§ **Exercise data**:
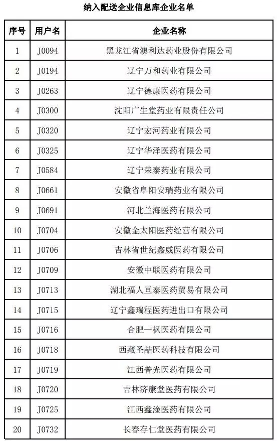 4月17日,遼寧發布《2017年遼寧省關于將部分企業納入配送企業信息庫的通知》,該通知顯示,目前該省新一輪藥品配送企業報名及資料審核工作已經結束,現將合格藥品配送企業予以公布(詳見附表)并納入藥品配送企業信息庫。即日起,中標生產企業可與這40家配送企業建立配送關系。
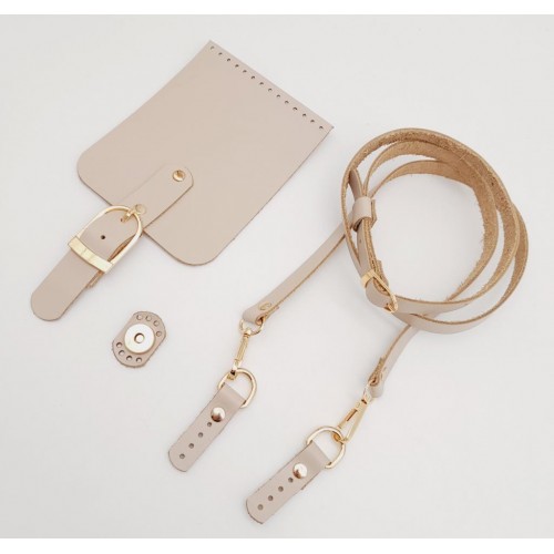 Çanta Aksesuar Bej Gerçek Deri 130x1.5 cm Ayarlı Saplı Çanta Seti Light Gold Metalli
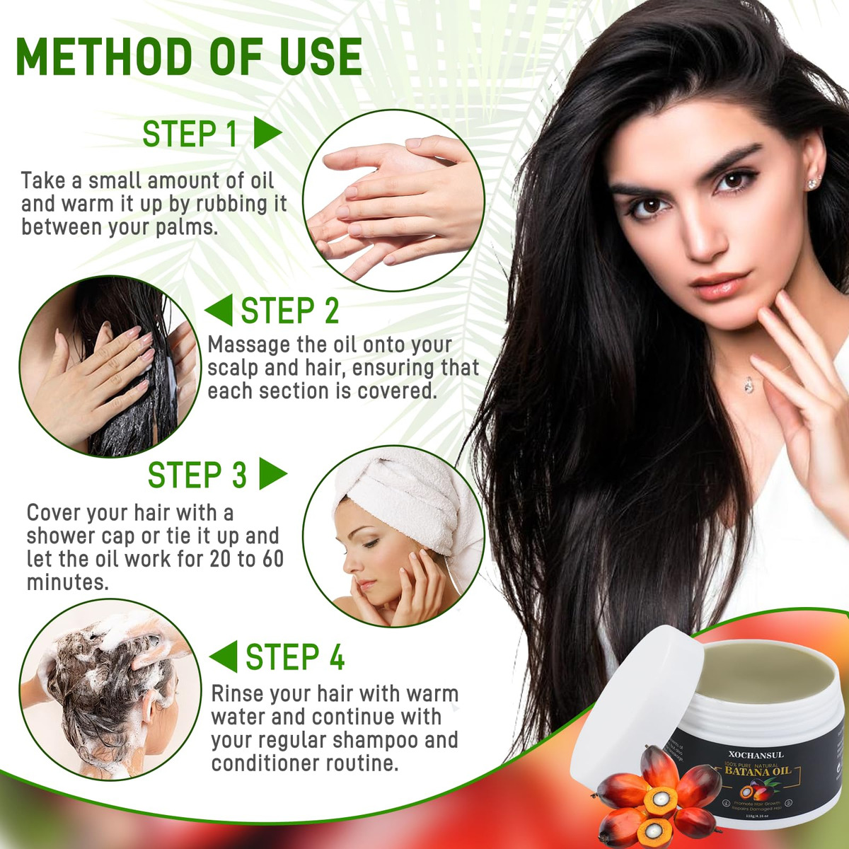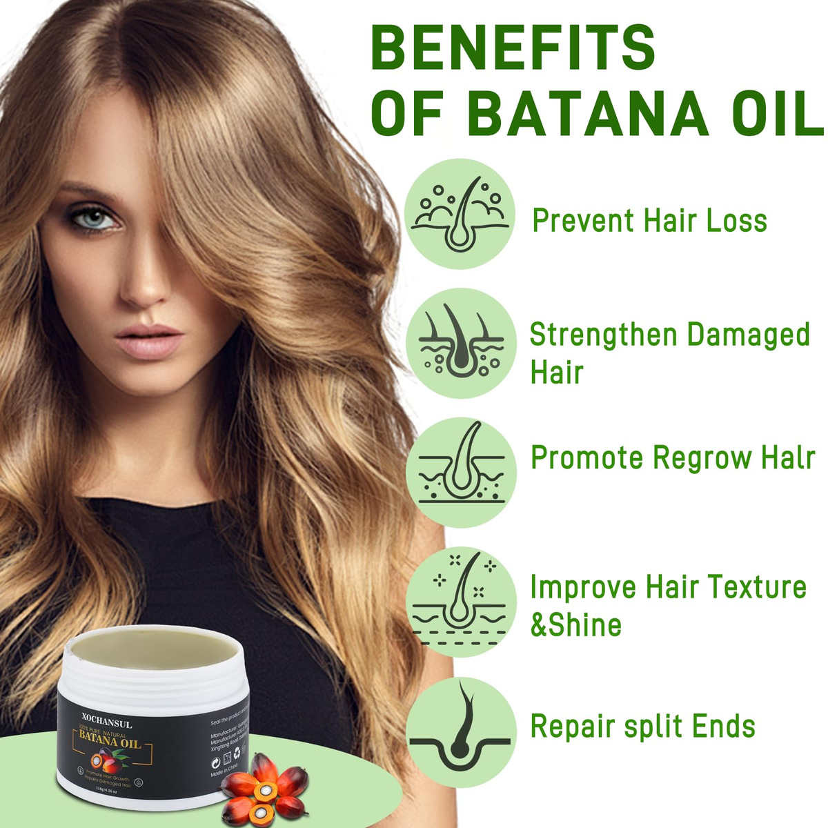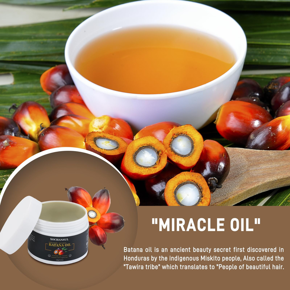 O óleo de batana é feito de ingredientes naturais. O óleo de batana é um óleo que tem sido utilizado pela tribo dos Tawira em Honduras. O óleo de batana é determinado a partir da extração do óleo do produto natural da árvore Elaeis Oleifera. O óleo de batana auxilia no desenvolvimento do cabelo, hidrata o cabelo e revitaliza o couro cabeludo. Esse óleo apreciado também tem a capacidade de hidratar, suavizar e esfoliar a pele. Este óleo de batana puro contém nutrientes naturais como ômega-6, fitoesteróis e vitamina E, que trabalham juntos para hidratar e nutrir profundamente o cabelo. Ajuda a reparar fios secos e danificados, reduz a quebra, contra pontas duplas e nós e melhora a elasticidade e o brilho. Método de uso Massageie suavemente uma quantidade generosa do óleo de batana no couro cabeludo por 3-5 minutos. Benefícios do óleo de batana As pessoas adoram o óleo de batana cru para seus cabelos porque é rico em nutrientes. Use-o regularmente como parte de sua rotina de cuidados com os cabelos para nutrir, hidratar eficazmente, estimular o crescimento do cabelo, fortalecer o cabelo, dar brilho e proteger o cabelo contra danos. – Puro e natural: extraído das nozes da palmeira americana (Elaeis Oleifera) e proveniente de Honduras, este óleo de batana cru é rico em óleo de batana em nutrientes naturais. Ele apoia o crescimento saudável do cabelo, hidrata profundamente o couro cabeludo e ajuda a reparar e rejuvenescer naturalmente os cabelos danificados. – Promove o crescimento do cabelo e previne a queda de cabelo: nosso óleo de crescimento capilar pode ajudar a reativar os folículos adormecidos e promover o crescimento do cabelo. Essa mistura natural auxilia na hidratação do couro cabeludo e ajuda a reparar os cabelos danificados, deixando os fios mais cheios e com aparência saudável. – Profundamente nutritivo: esse óleo de batana puro contém nutrientes naturais como ômega-6, fitoesteróis e vitamina E, que trabalham juntos para hidratar e nutrir profundamente o cabelo. Ajuda a reparar fios secos e danificados, reduz a quebra, contra pontas duplas e nós e melhora a elasticidade e o brilho. – Fácil de usar, massageie suavemente uma quantidade generosa do óleo de batana no couro cabeludo por 20 a 60 minutos e depois enxágue com água morna. Use-o regularmente como parte de sua rotina de cuidados com os cabelos para nutrir, hidratar, fortalecer e proteger seu cabelo contra danos. – Suporte confiável: Se você tiver algum problema ou preocupação, não hesite em nos contatar! Nossa equipe dedicada de atendimento ao cliente está sempre aqui para ajudá-lo. Faremos o nosso melhor para manter uma experiência de compra positiva para nossos clientes.
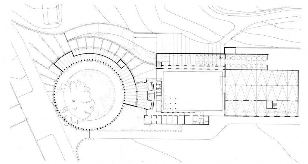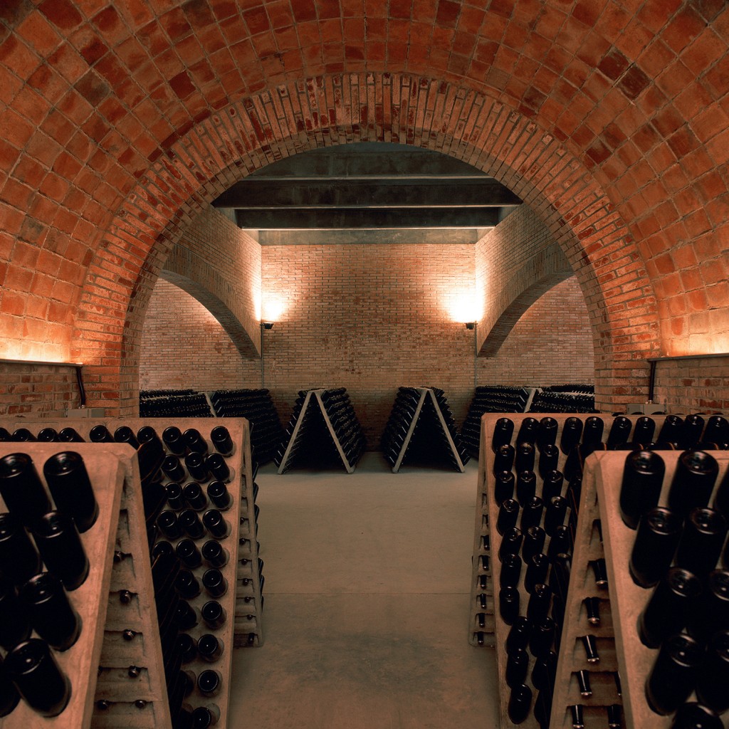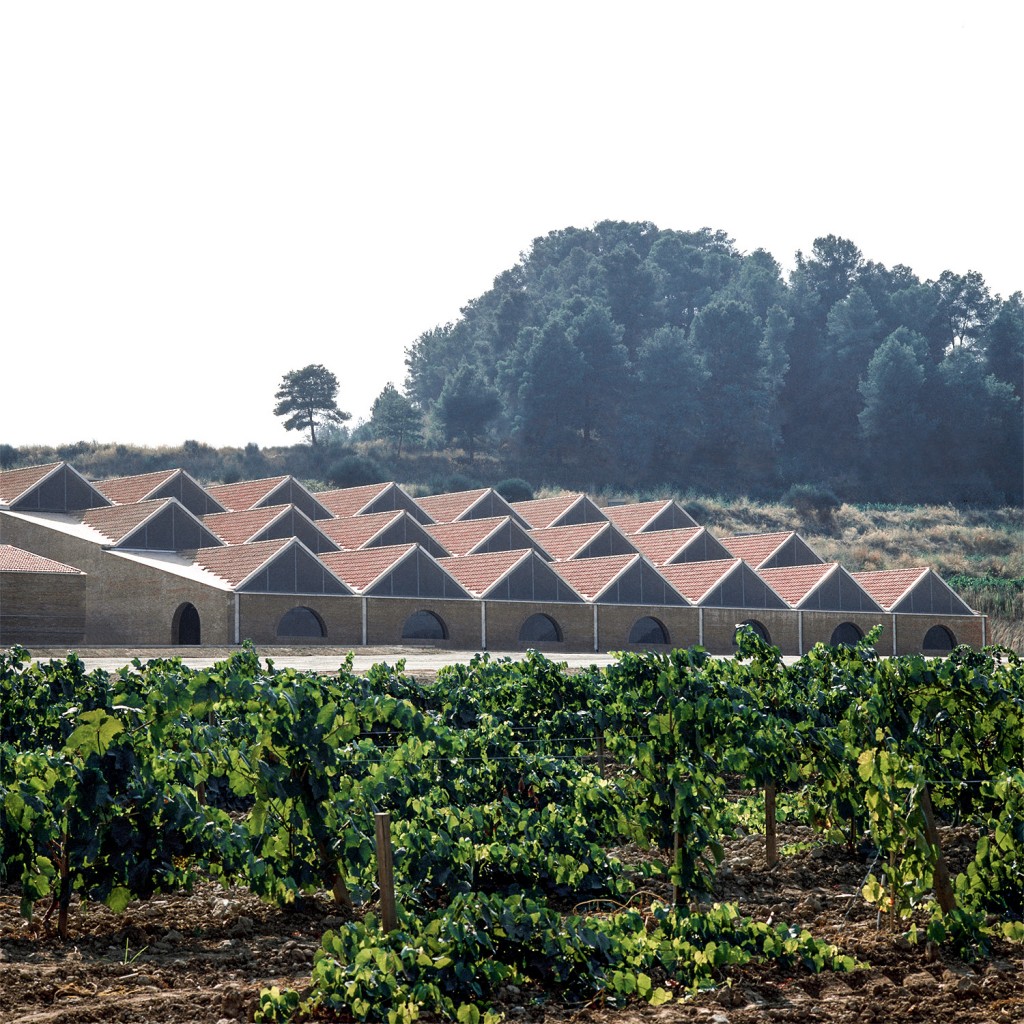 El nuevo complejo para la producción de cava, el vino espumoso catalán, está situado en una finca de la comarca del Penedès. Frente a elegantes edificios modernistas obra del arquitecto Josep Puig i Cadafalch, está situado en el punto donde las montañas de las afueras de Sant Sadurní confluyen con los viñedos que descienden suavemente hacia el pie de la montaña de Montserrat.

§ **What is being asked**: Write out again exactly the lines from the start of the data above through the line containing "Çanta Aksesuar Bej", inclusive, excluding any pictures.

§ **Solution to this problem**:
 4月17日,遼寧發布《2017年遼寧省關于將部分企業納入配送企業信息庫的通知》,該通知顯示,目前該省新一輪藥品配送企業報名及資料審核工作已經結束,現將合格藥品配送企業予以公布(詳見附表)并納入藥品配送企業信息庫。即日起,中標生產企業可與這40家配送企業建立配送關系。
 Çanta Aksesuar Bej Gerçek Deri 130x1.5 cm Ayarlı Saplı Çanta Seti Light Gold Metalli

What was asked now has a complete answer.